For holders they’re thinking, “why should I own this token if it gives me 0 cashflows” — which is a fair enough answer tbh. But that leaves me to a bigger question, if all tokens have an expectation of profits being redirected from day 1 and public markets aren’t okay with revenue being directed to growth (or survival in this case) — then most tokens are screwed when it comes to managing investor expectations. This is because public markets are clearly saying “we expect profits even if that means you will die”. Grim.
On the other hand you have tokens that have 0 paths to profitability and investors are more than willing to buy it with the hope that it might earn revenue (not profit), one day.
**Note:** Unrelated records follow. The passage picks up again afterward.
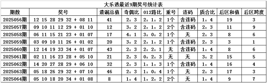 马姐大乐透第065期:前区胆码6期5次正确,本期前区龙头防连码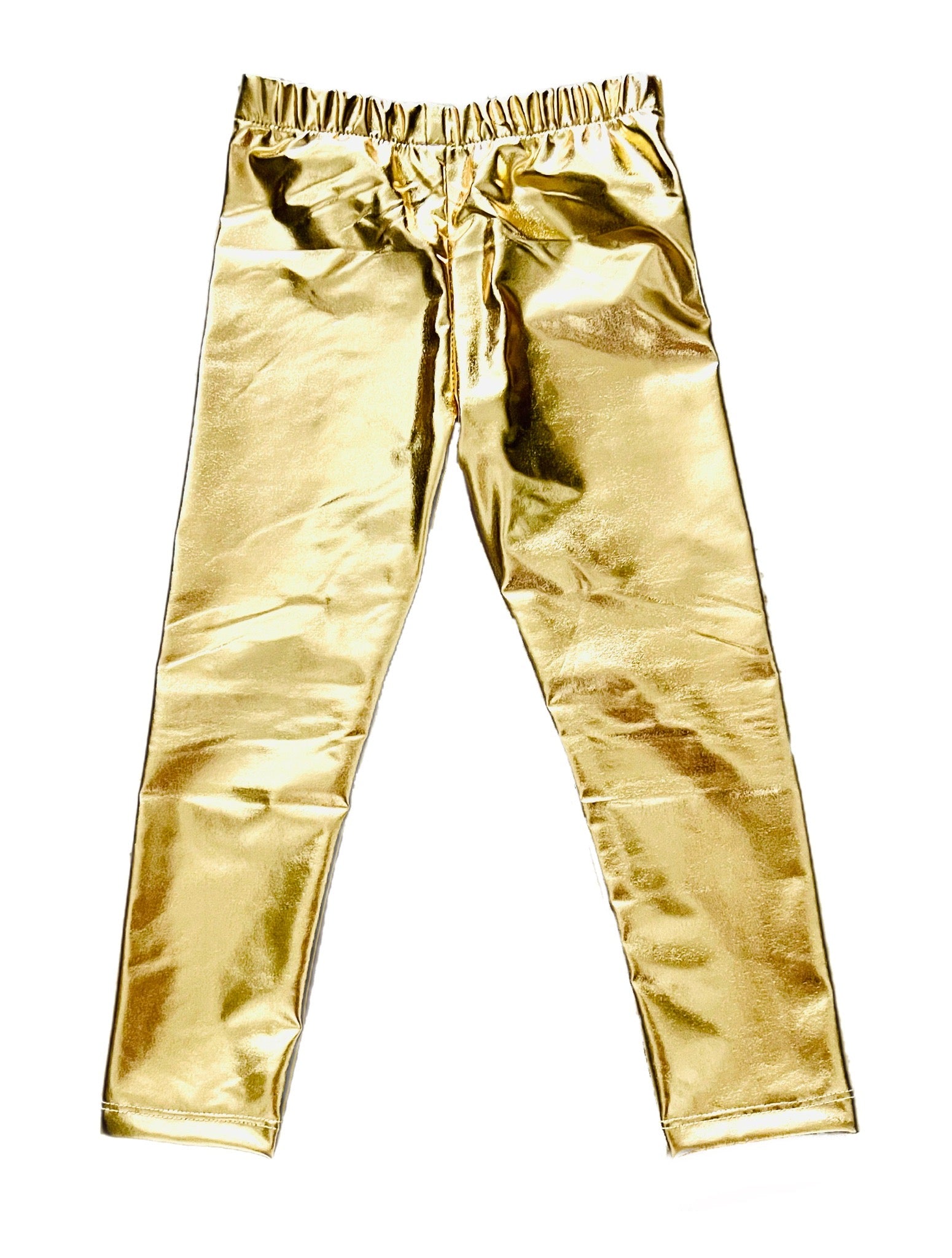 Let her shine bright with these eye-catching metallic gold leggings! Designed to add sparkle to any outfit, these leggings are crafted from a stretchy, comfortable fabric that provides a snug fit and freedom of movement. The shimmery gold finish makes them perfect for holiday parties, special occasions, or simply adding a pop of glam to her everyday look. Pair them with dresses, tops, or cozy sweaters for a style that stands out. These leggings are sure to become a favorite piece in her wardrobe, bringing bold style to any ensemble!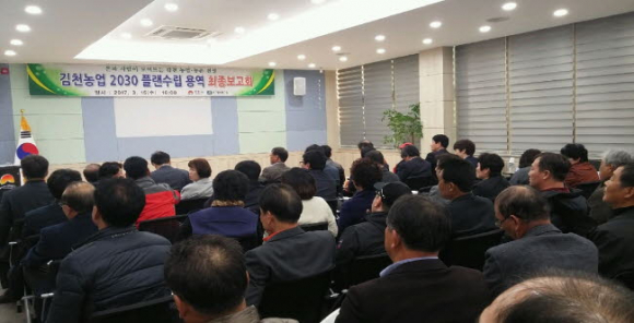 김천시(시장 박보생)는 급변하는 농업여건변화에 선제적으로 대응하고 ,또다른 50년-100년을 준비하고 설계하기 위해 김천농업 2030플랜수립의 최종보고회를 2017.3.15.일 농업기술센터 회의실에서 가졌다.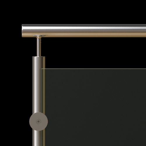 Barandilla realizada con montantes cilíndricos de 42 mm de acero inoxidable satinado o brillo, pasamanos de madera o acero inoxidable. Varillas de 12 mm o vidrio 5+5 mm.

What I’ve seen consistently across DeFi is that excess cashflow is allocated in very suboptimal ways. I’m not sure if there’s one correct answer but rather a project should have the flexibility to direct cashflow to where they see fit. MakerDAO suffers this problem as well. They buy their token at whatever the market price is which is terrible because:
When fee generation is at an all time high, the token price is the highest, which means the net % of supply burned is low
When fee generation is at an all time low, the token price is the lowest, which means the next % of supply burned is once again low
Ideally you want to be in a spot where the inverse happen (bank cash when fees high, buy back when token low).
Such is DeFi though.
For DeFi tokens/businesses to actually mature, both projects and investors are going to need to meet in the middle otherwise the incentive to launch/maintain tokens is going to go away and once again centralise a lot of opportunities in private markets compared to public.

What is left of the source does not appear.